И вот уже некий читатель требует через газету расправы над экономическими преступниками так, как это делают в Чечне. “Я предлагаю вывести их на Красную площадь, – пишет он, – и народ их камнями забьет. Ведь на них даже пули жалко, так как пули делают тоже на наши, народные деньги…”
С призывами стрелять преступников без суда и следствия выступают, к сожалению, не только обычные граждане, но и видные, очень популярные в стране деятели, в том числе люди искусства. Недавно один из писателей сообщил в своей статье, что “американцы плакали от радости и танцевали, когда одному террористу вынесли смертный приговор…”, и оценил это как
“здоровую реакцию здоровых людей…”.
К сожалению, ссылки на Америку и ее законы, тюрьмы и казни во многом усиливают доводы сторонников смертной казни.
Этот же упомянутый выше писатель, как видно далеко не Иван
Алексеевич Бунин, одобрил случаи самосуда, то есть расправы толпы над преступником, которому суд в России не вынес смертного приговора, называя это “необходимой обороной, когда бессильно правосудие”. Такие призывы к “самообороне”, а практически к беззаконию то и дело раздаются в печати из уст очень авторитетных лиц.
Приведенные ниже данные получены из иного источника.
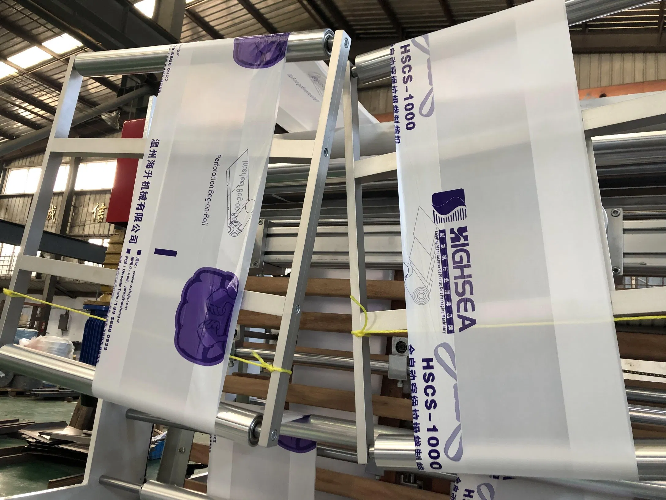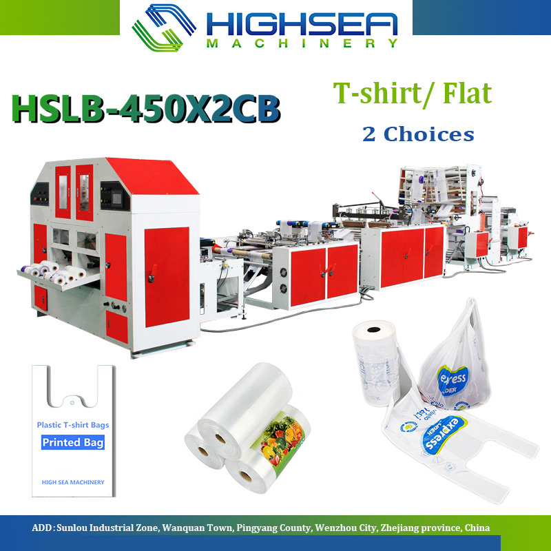 | HSLB-450X2CB Two Lines Fully Automatic T-shirt Bag-on-roll With Core Making Machine with gusset device |
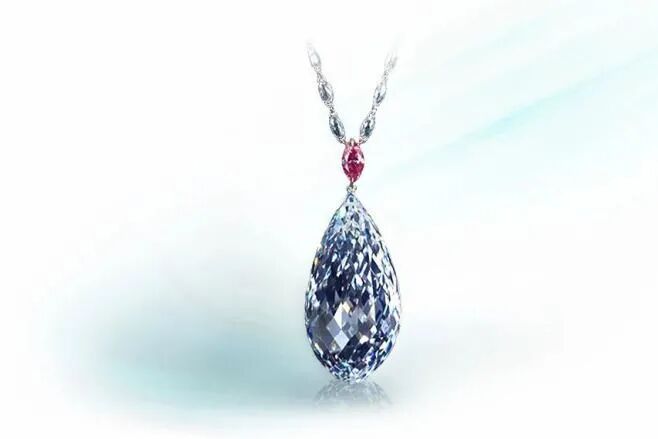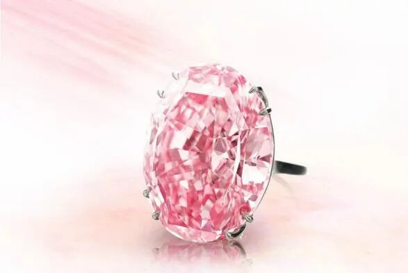 "粉红之星”天然钻石“粉红之星”由戴比尔斯 (De Beers) 于1999年在南非发现,原石重132.5克拉,切割后重59.6克拉,被GIA评级为粉钻中最高级别Fancy Vivid Pink。除了无暇IF的净度,在成分方面也是钻石中最纯净的TypeⅡa类型,世所罕见。2017年4月4日,这颗“粉红之星”被香港珠宝商周大福以7100万美元巨资拍下,刷新了当时全球宝石拍卖新纪录。周大福随后更其名为“CTF Pink”——周大福粉钻,成为另一枚中国买家收藏的传奇巨钻。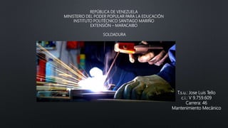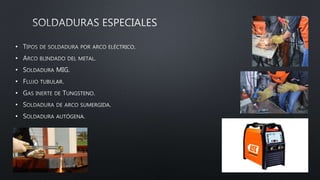 Este documento describe diferentes tipos de soldadura, incluyendo SMAW (soldadura con electrodos recubiertos), GMAW (soldadura con hilo y gas), FCAW (soldadura con electrodo fundente), GTAW (soldadura TIG), SAW (soldadura sumergida), y soldadura por resistencia. También discute equipos de soldadura como equipos inversores y las aplicaciones de la soldadura en industrias como aviación, minería e industria.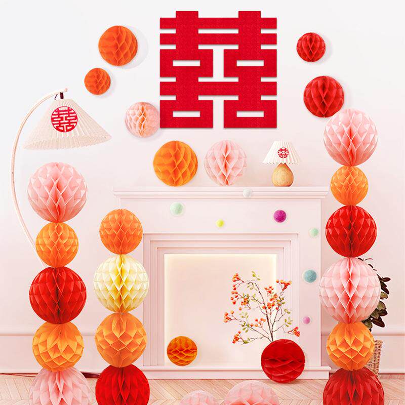 为您提供商品结婚蜂窝球立柱挂饰婚房布置婚礼新房客厅灯笼拉花结婚装 饰套装的详细介绍,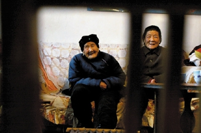 老奶奶(左)和一直陪在她身边的三女儿(右)在一起。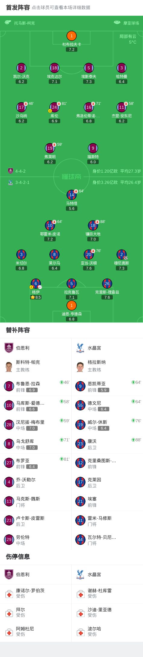 第44分钟,打破僵局,穆尼奥斯后点包抄头球破门,水晶宫1-0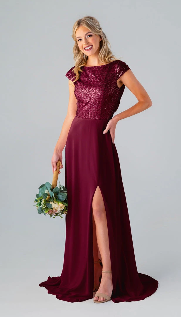 This dress is a part of our At Home Try-On collection of sample dresses! To try the sequin and chiffon London bridesmaid dress on at home, you can choose from the sizes and colors available to help decide on the perfect style and size for you.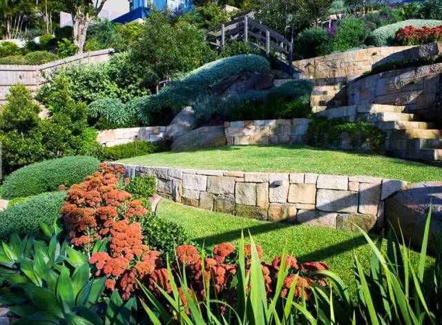 這個花園的設計是一個頗具挑戰性的項目,1600平方米的景觀在一個45度的斜坡上,土地和水的使用都受到了限制。一系列的石質臺階和小徑沿著分層景觀臺一路延伸向岸邊。沿途植物頗為亮眼,一個混合了當地觀賞性灌木和一些經典海灘植物的迷你花園與自然景觀相呼應。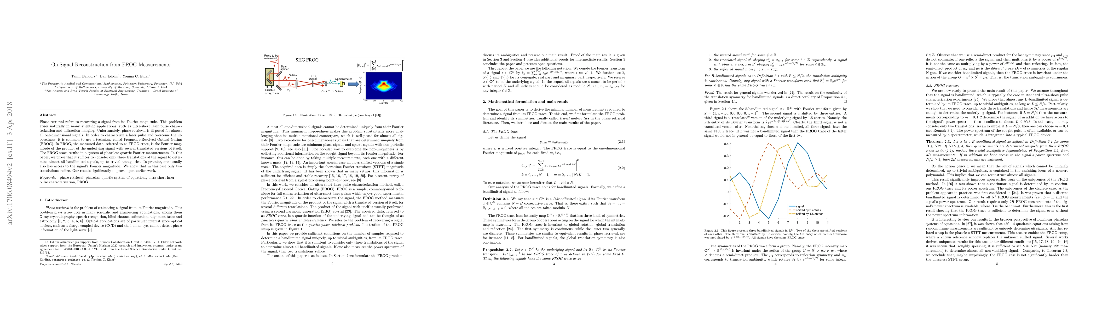 Researchers prove that only a few translations of a signal's FROG measurements can uniquely determine its phase; they show two translations suffice when the Fourier magnitude is also available.

Но и это было. И тот же Бунин ярко расписал картины такой “обороны”, только вчитайтесь.
“Во городах, в деревнях, – пишет он, – сразу все спятили с ума: все поголовно орали друг на друга: “я тебя арестую, сукин сын!” – потом стали убивать кого попало, жечь на кострах, зарывать живьем в землю за украденную курицу…” – самосудов “самых кровавых и бессмысленных было зарегистрировано (только зарегистрировано!) к августу 1917 года более десяти тысяч…”.
Однажды Иван Алексеевич воскликнул: “Ах, русская интеллигенция, русская интеллигенция! Уж сколько
“интересного” приходится нам видеть, что следовало бы в три ручья плакать, а мы только по-дурацки восхищаемся: “очень интересно!”
Что же говорить о людях, которые заваливают письмами протеста нашу Комиссию по помилованию, узнав, что мы смягчили участь очередному смертнику.
Один такой энтузиаст пишет: “Обращаюсь к Вам с просьбой.
Находясь в здравом уме и ясной памяти, предлагаю себя в качестве исполнителя смертной казни. Поверьте, я не маньяк и очень люблю детей, у меня самого их пятеро. И ради них я готов исполнить эту необходимую работу”.